▶ _What the task requires_
Transcribe exactly everything in the data below from the line containing "The Daily SuDoku: Tue 3-Jul-2007" down to the line containing "A luxurious winter", both lines included and nothing further.

▶ _Task input_

Segment Open

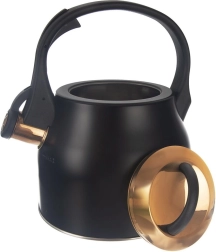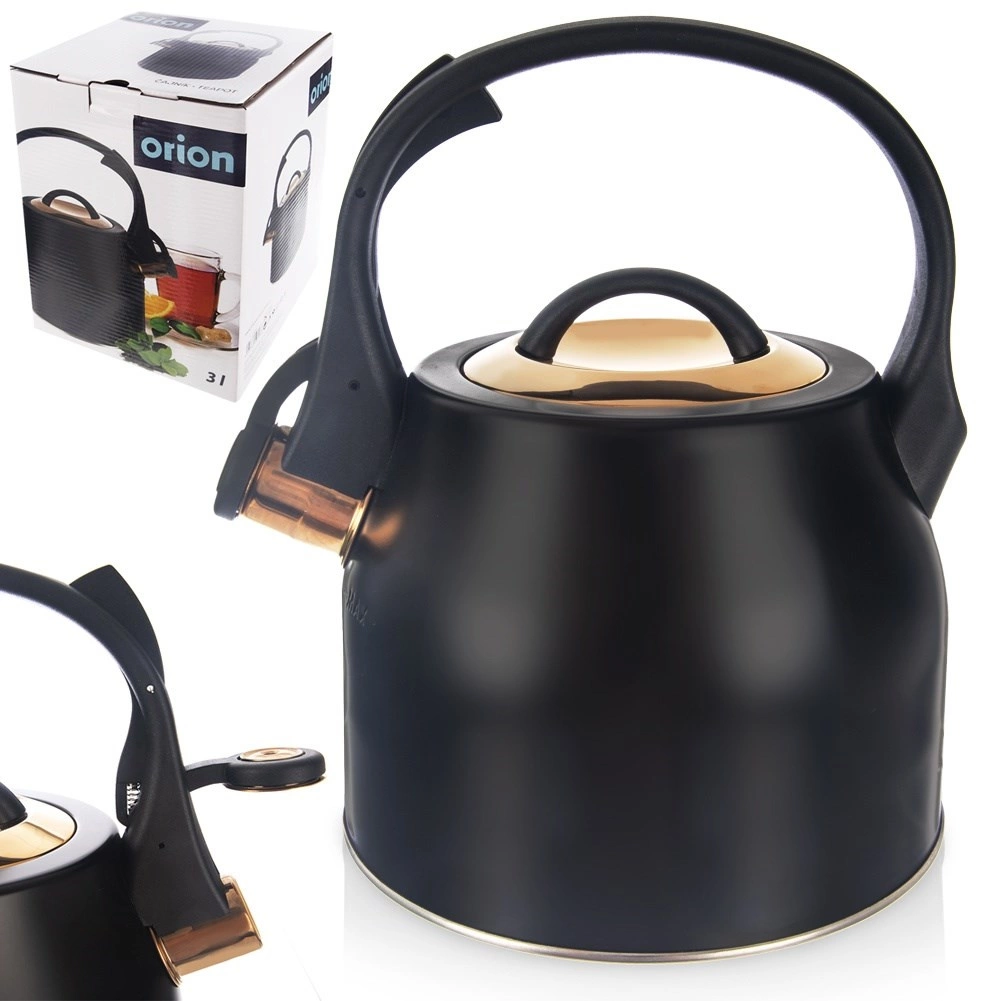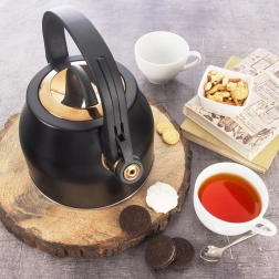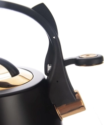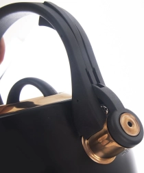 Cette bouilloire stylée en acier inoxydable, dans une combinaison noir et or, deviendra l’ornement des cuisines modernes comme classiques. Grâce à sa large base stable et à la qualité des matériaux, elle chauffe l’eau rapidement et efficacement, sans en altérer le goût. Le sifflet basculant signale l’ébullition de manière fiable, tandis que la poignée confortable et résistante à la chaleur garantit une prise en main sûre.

Segment Closed
Segment Open

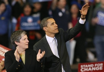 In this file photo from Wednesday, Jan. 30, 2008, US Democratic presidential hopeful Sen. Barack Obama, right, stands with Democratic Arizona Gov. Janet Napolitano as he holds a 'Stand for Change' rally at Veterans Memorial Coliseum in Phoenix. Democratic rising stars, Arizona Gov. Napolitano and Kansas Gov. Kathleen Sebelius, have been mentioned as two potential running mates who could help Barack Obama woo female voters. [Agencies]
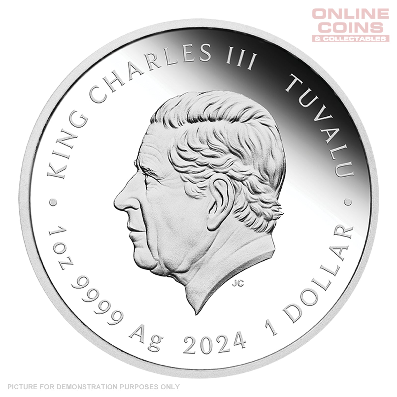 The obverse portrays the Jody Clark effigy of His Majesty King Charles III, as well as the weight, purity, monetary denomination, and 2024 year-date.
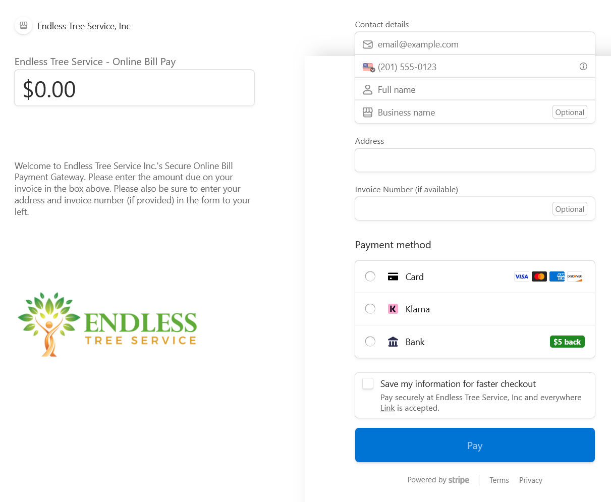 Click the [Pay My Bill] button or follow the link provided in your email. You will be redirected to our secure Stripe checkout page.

Segment Closed
Segment Open

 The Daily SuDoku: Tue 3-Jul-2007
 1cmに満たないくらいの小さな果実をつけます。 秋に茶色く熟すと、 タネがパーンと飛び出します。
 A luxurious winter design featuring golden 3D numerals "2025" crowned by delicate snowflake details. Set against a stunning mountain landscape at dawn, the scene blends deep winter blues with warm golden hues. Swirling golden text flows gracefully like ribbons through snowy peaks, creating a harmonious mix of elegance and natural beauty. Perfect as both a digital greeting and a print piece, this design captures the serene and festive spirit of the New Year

Segment Closed

▶ _Answer area_
 The Daily SuDoku: Tue 3-Jul-2007
 1cmに満たないくらいの小さな果実をつけます。 秋に茶色く熟すと、 タネがパーンと飛び出します。
 A luxurious winter design featuring golden 3D numerals "2025" crowned by delicate snowflake details. Set against a stunning mountain landscape at dawn, the scene blends deep winter blues with warm golden hues. Swirling golden text flows gracefully like ribbons through snowy peaks, creating a harmonious mix of elegance and natural beauty. Perfect as both a digital greeting and a print piece, this design captures the serene and festive spirit of the New Year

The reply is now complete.